*** Record excerpts ***
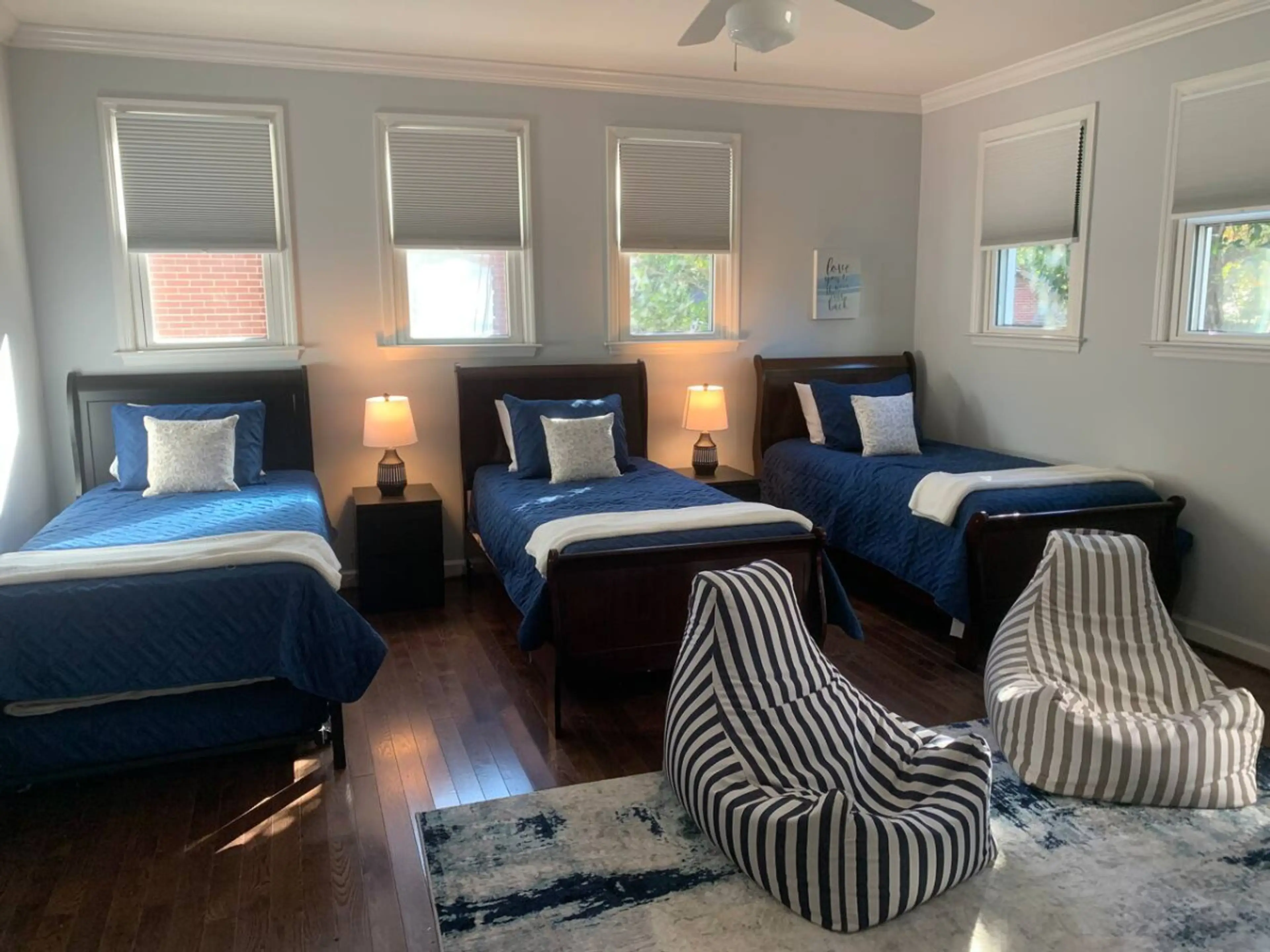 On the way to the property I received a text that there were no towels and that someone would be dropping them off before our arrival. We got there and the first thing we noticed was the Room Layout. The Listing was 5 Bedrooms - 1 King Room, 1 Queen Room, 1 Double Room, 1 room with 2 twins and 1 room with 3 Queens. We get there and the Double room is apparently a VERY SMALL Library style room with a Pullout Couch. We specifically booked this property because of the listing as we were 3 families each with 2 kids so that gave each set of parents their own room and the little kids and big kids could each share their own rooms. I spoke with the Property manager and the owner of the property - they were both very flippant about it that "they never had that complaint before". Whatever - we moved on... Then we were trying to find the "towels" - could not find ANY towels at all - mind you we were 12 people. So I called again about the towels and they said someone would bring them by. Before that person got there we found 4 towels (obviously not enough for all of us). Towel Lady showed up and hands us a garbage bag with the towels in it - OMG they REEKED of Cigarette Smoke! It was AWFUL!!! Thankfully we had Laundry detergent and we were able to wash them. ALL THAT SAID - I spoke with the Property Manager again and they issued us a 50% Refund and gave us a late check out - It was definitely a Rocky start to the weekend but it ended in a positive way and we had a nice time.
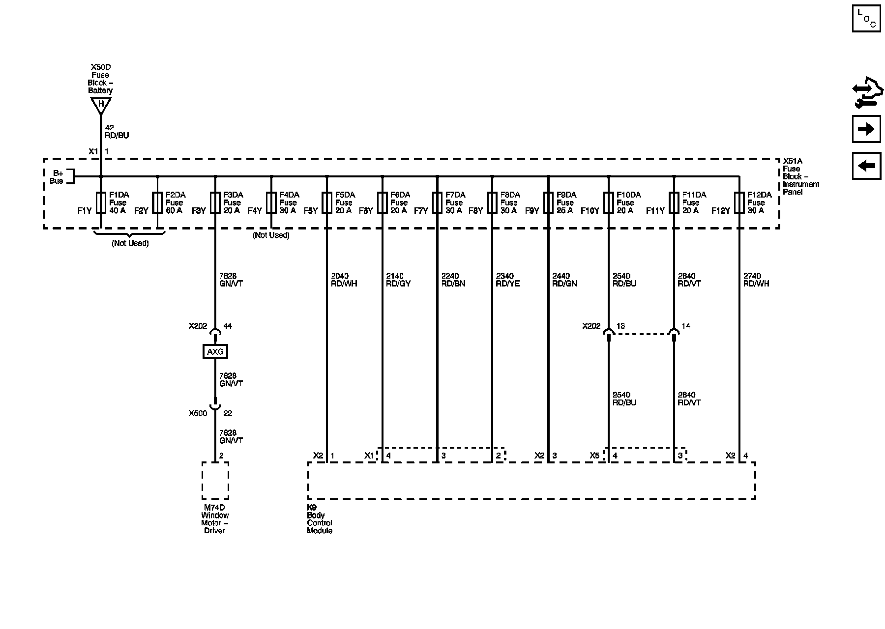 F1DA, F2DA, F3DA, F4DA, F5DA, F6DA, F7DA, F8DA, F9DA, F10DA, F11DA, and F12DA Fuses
*** End of Record excerpts ***
*** Record excerpts ***
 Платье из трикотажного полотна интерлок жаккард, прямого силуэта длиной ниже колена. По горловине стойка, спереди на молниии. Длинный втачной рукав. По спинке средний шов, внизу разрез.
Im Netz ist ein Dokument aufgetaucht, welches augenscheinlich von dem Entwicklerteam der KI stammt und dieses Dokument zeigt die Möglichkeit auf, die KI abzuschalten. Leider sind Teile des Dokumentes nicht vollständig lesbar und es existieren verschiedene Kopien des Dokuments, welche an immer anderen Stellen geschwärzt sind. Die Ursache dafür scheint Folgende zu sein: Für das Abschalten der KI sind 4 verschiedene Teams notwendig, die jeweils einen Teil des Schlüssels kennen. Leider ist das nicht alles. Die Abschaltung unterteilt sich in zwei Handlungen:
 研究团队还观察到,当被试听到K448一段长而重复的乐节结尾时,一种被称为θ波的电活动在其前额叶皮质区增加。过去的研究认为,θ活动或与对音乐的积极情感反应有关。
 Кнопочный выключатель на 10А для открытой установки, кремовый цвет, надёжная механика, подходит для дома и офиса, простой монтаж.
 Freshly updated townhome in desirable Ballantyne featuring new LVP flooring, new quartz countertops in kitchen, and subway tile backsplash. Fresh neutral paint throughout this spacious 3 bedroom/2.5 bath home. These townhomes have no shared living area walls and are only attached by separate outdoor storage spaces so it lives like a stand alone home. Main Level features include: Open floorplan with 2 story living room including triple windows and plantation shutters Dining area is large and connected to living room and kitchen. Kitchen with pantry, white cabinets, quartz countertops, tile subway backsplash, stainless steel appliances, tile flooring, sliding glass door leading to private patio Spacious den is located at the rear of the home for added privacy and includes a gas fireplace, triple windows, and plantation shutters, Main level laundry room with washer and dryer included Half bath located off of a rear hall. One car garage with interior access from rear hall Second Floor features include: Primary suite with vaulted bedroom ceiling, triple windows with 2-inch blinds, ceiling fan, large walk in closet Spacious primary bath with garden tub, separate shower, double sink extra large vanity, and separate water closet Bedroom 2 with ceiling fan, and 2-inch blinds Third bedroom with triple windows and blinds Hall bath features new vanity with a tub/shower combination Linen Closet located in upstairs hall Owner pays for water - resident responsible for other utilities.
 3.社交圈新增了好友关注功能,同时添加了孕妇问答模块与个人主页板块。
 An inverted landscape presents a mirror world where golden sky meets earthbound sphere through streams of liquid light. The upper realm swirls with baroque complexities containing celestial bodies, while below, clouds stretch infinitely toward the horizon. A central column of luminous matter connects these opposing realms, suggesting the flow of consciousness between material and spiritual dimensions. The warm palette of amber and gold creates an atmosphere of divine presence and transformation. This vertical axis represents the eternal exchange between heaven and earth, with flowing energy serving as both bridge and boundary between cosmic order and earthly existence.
*** End of Record excerpts ***
*** Record excerpts ***
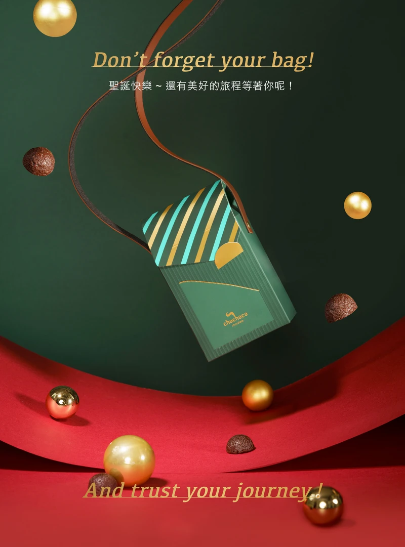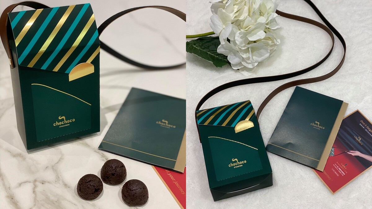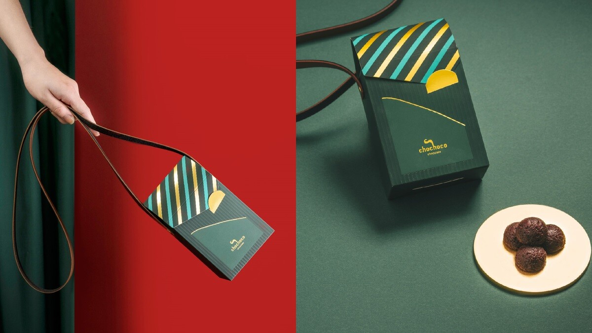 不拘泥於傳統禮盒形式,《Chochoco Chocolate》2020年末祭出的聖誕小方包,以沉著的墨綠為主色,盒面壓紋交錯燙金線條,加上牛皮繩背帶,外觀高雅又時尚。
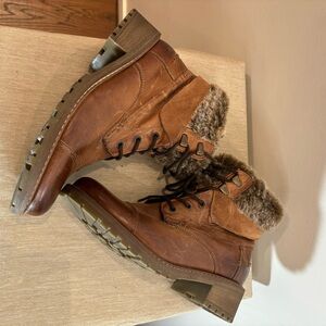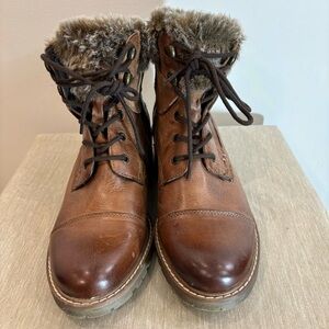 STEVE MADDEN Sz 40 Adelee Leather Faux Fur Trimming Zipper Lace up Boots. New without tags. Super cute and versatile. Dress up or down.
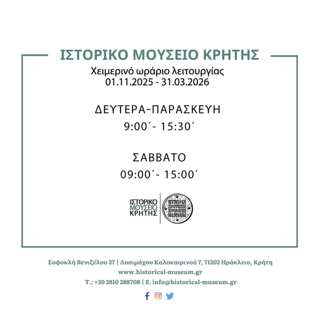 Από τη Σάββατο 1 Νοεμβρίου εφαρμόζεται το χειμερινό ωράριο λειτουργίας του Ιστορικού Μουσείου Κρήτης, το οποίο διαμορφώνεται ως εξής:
*** End of Record excerpts ***
## [Activity]
Retype only this portion of the data above: the line containing "Платье из трикотажного", the line containing "Кнопочный выключатель на", and all lines between them, exactly.

## [Exercise solution]
 Платье из трикотажного полотна интерлок жаккард, прямого силуэта длиной ниже колена. По горловине стойка, спереди на молниии. Длинный втачной рукав. По спинке средний шов, внизу разрез.
Im Netz ist ein Dokument aufgetaucht, welches augenscheinlich von dem Entwicklerteam der KI stammt und dieses Dokument zeigt die Möglichkeit auf, die KI abzuschalten. Leider sind Teile des Dokumentes nicht vollständig lesbar und es existieren verschiedene Kopien des Dokuments, welche an immer anderen Stellen geschwärzt sind. Die Ursache dafür scheint Folgende zu sein: Für das Abschalten der KI sind 4 verschiedene Teams notwendig, die jeweils einen Teil des Schlüssels kennen. Leider ist das nicht alles. Die Abschaltung unterteilt sich in zwei Handlungen:
 研究团队还观察到,当被试听到K448一段长而重复的乐节结尾时,一种被称为θ波的电活动在其前额叶皮质区增加。过去的研究认为,θ活动或与对音乐的积极情感反应有关。
 Кнопочный выключатель на 10А для открытой установки, кремовый цвет, надёжная механика, подходит для дома и офиса, простой монтаж.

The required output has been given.